:: RECORDS SUPPLIED ::

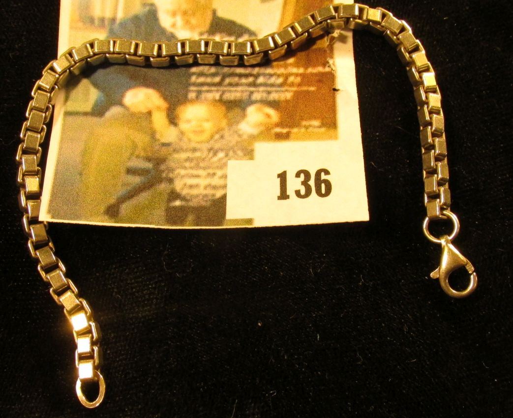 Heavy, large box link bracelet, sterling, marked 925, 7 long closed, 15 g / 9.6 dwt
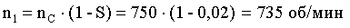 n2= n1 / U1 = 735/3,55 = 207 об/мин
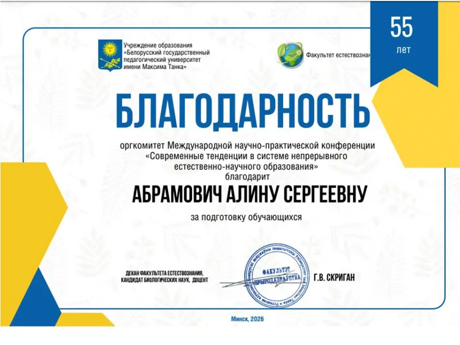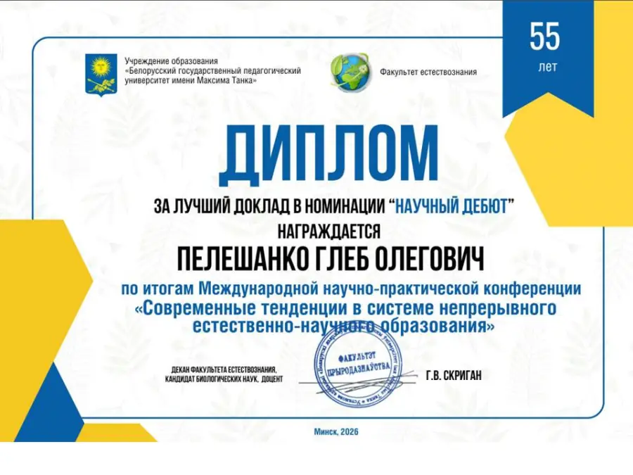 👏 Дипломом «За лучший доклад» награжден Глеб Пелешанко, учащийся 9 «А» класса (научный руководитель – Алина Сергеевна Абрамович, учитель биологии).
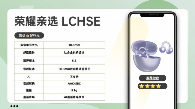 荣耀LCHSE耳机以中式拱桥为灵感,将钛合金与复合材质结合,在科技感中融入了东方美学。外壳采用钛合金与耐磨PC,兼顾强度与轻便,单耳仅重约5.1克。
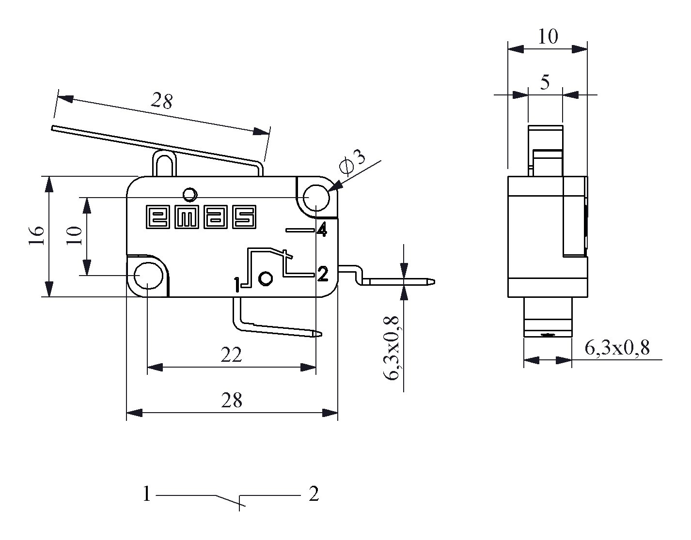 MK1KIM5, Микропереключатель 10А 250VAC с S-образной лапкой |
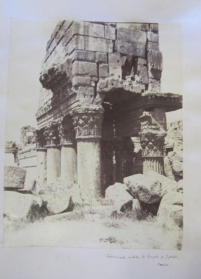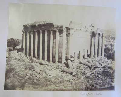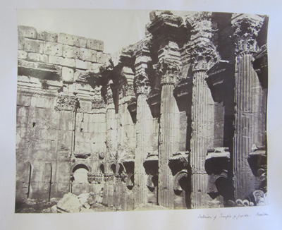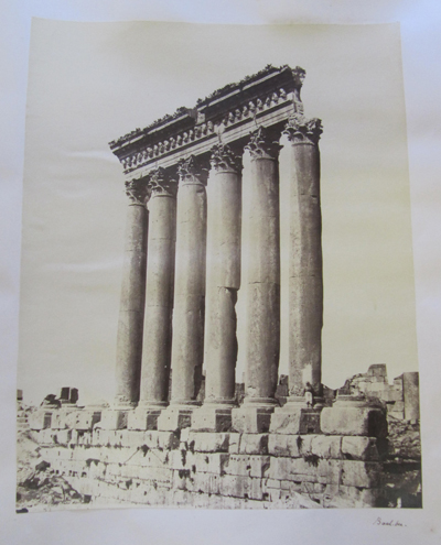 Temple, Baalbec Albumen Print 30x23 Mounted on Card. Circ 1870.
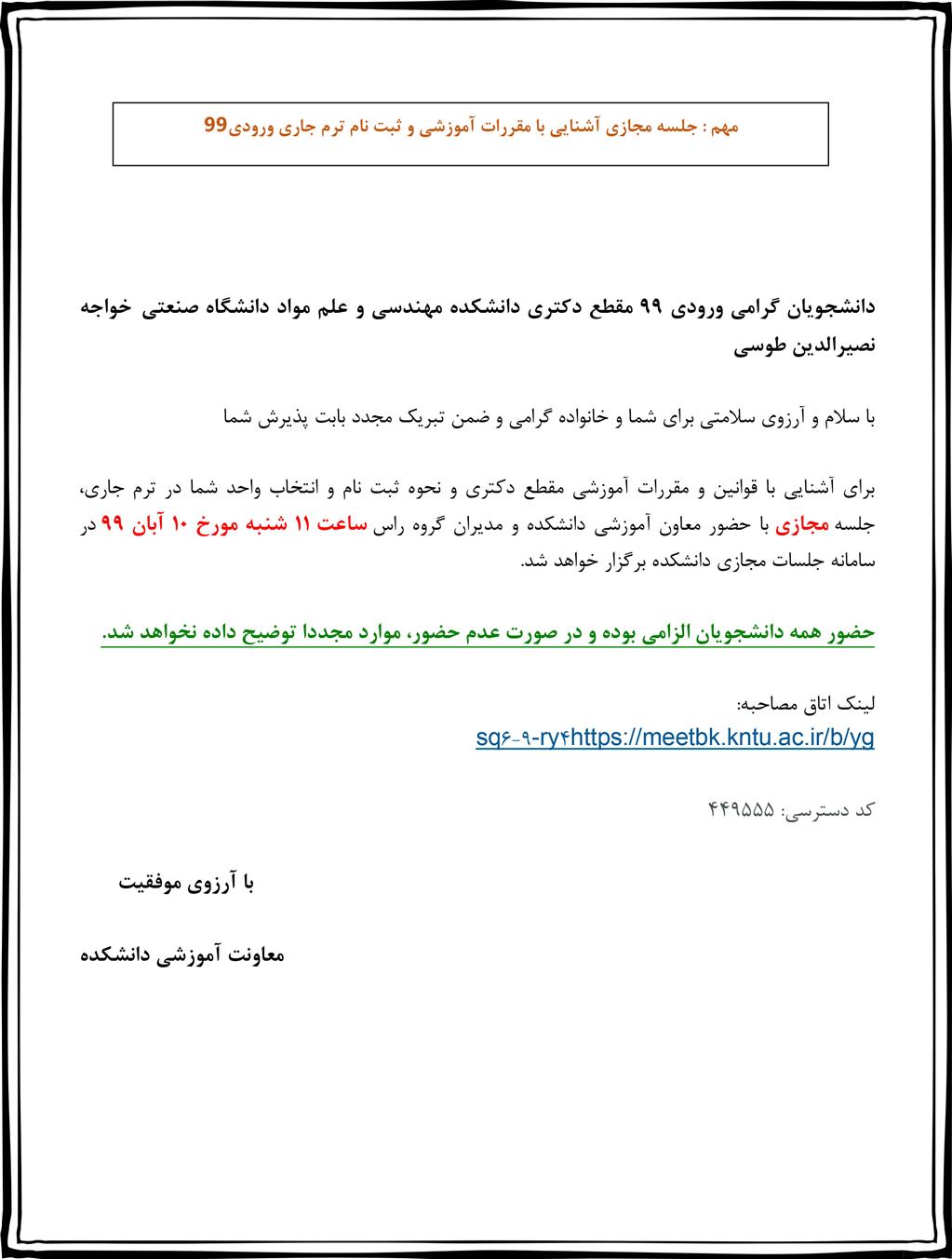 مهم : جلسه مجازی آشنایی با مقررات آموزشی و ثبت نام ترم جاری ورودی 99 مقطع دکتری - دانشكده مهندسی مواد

:::

**WORK TO BE COMPLETED**: Extract all the entries word for word; omit any pictures.

**RESPONSE AREA**:
 Heavy, large box link bracelet, sterling, marked 925, 7 long closed, 15 g / 9.6 dwt
 n2= n1 / U1 = 735/3,55 = 207 об/мин
 👏 Дипломом «За лучший доклад» награжден Глеб Пелешанко, учащийся 9 «А» класса (научный руководитель – Алина Сергеевна Абрамович, учитель биологии).
 荣耀LCHSE耳机以中式拱桥为灵感,将钛合金与复合材质结合,在科技感中融入了东方美学。外壳采用钛合金与耐磨PC,兼顾强度与轻便,单耳仅重约5.1克。
 MK1KIM5, Микропереключатель 10А 250VAC с S-образной лапкой |
 Temple, Baalbec Albumen Print 30x23 Mounted on Card. Circ 1870.
 مهم : جلسه مجازی آشنایی با مقررات آموزشی و ثبت نام ترم جاری ورودی 99 مقطع دکتری - دانشكده مهندسی مواد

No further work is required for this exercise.